X-ray diffraction patterns of RGO-supported materials are shown in Figure 4. Two characteristic peaks at 2θ = 26° and 2θ = 43° correspond to the typical RGO material. The broad nature of the peak confirms the highly amorphous nature of the RGO support. A closer look at the figures pointed out the presence of iron in the form of a FeO/Fe2O3 mixture (mixed phases) as compared to a more pure CoO phase in the case of Co. Due to the amorphous nature of RGO and low metal loading, the corresponding metal oxide peaks could not be well resolved.

[1860-5397-13-141-4]

Figure 4: Powder XRD patterns of RGO supported Fe and Co NPs.

Additionally, IR spectra (Figure 5) showed that there is no such peak in the range of 1700–1740 cm−1, indicating the absence of any oxidized groups such as carbonyl or carboxylic acid groups. One peak at around 1600 cm−1 could be observed that corresponds to C=C from aromatic groups.

[1860-5397-13-141-5]

Figure 5: IR spectra of 1% Fe/RGO and 1% Co/RGO catalysts collected by using diffuse reflectance infrared transform spectroscopy (DRIFT) at room temperature.

Table 2 summarizes the experimental results for the oxidation of isoeugenol using supported RGO catalysts. Reaction conditions were optimized under various conditions. Blank runs (in absence of catalysts) were also performed, with a low conversion in the systems, which could be attributed to the effect of the strong oxidizing agent H2O2. However, the reaction produced a higher amount of ether compounds with a very low selectivity to vanillin. When RGO was used as catalyst, the conversion increased but the selectivity of vanillin was still lower than other side products. Importantly, metal incorporation on RGO support significantly increased both conversion and vanillin selectivity in the systems (Table 2, entries 3 and 4).

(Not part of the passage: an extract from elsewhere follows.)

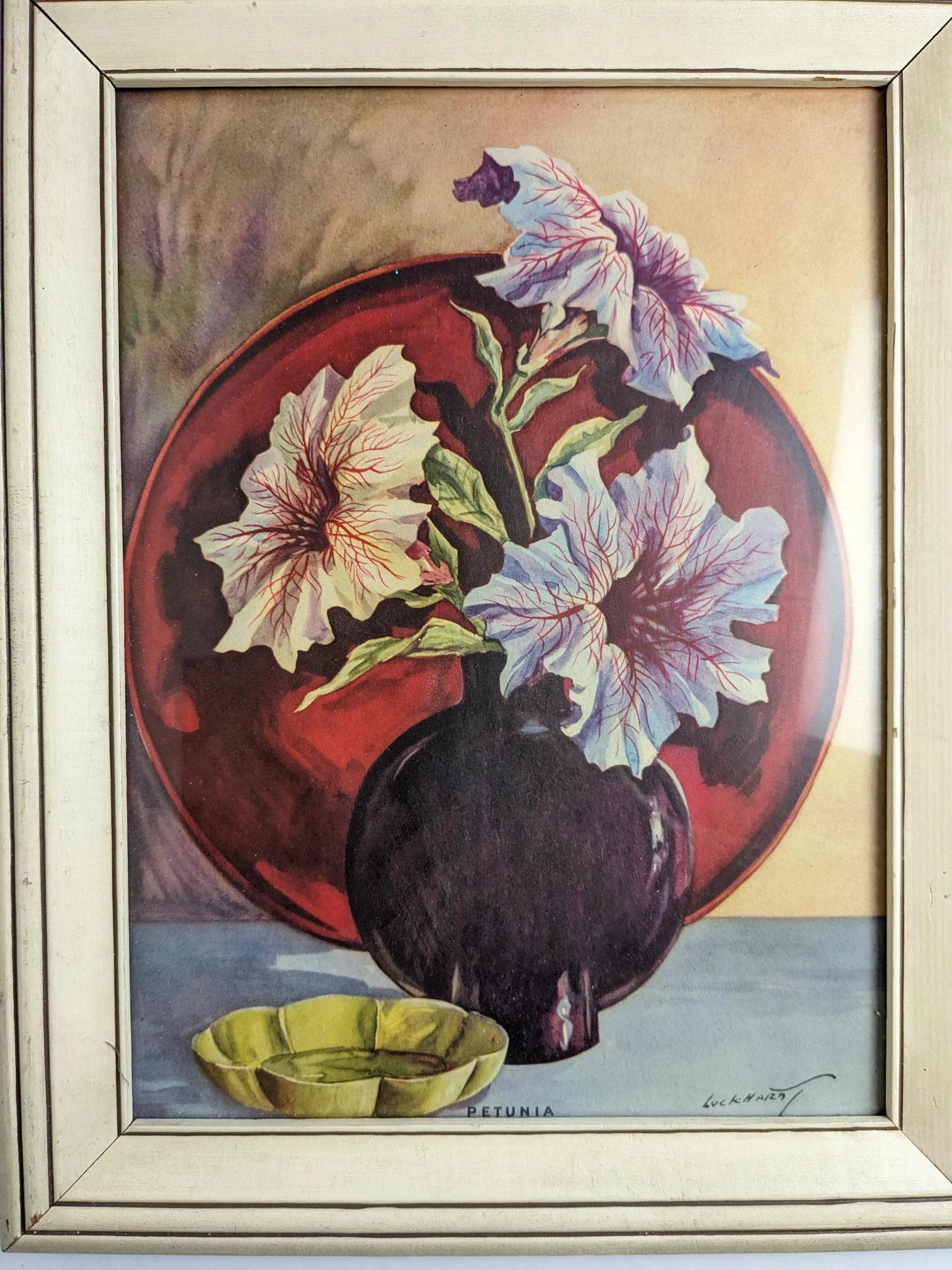 The print is signed "Lockhardt" and titled "Petunia". This vintage print comes in a cream wood frame that can be hung. Beautiful vintage image that takes me back. Would look fantastic anywhere and would make a great addition to your collection. Hurry we only have 1 in stock.

Table 2: Results for the catalytic oxidation of isoeugenol.a

[Graphic 1]
Entry Catalyst Time (h) Conversion (mol %) Selectivity (mol %)
        Vanillin Diphenyl ether Others
1. blank 2 18 7 84 9
2. RGO 2 39 26 47 27
3. 1% Fe/RGO 2 61 63 8 29
4. 1% Co/RGO 2 60 32 9 59
5. blank 3 19 8 79 13
6. RGO 3 41 25 47 28
7. 1% Fe/RGO 3 64 58 13 29
8. 1% Co/RGO 3 70 27 6 67
9. blank 5 20 11 73 16
10. RGO 5 54 19 30 51
11. 1% Fe/RGO 5 64 54 13 33
12. 1% Co/RGO 5 75 21 4 75
13. blank 7 22 16 70 14
14. RGO 7 59 26 23 51
15. 1% Fe/RGO 7 62 52 14 34
16. 1% Co/RGO 7 81 19 2 79

aReaction conditions: 5 mmol isoeugenol, 1.2 mL H2O2, 8 mL acetonitrile, 0.1 g catalyst, 90 °C.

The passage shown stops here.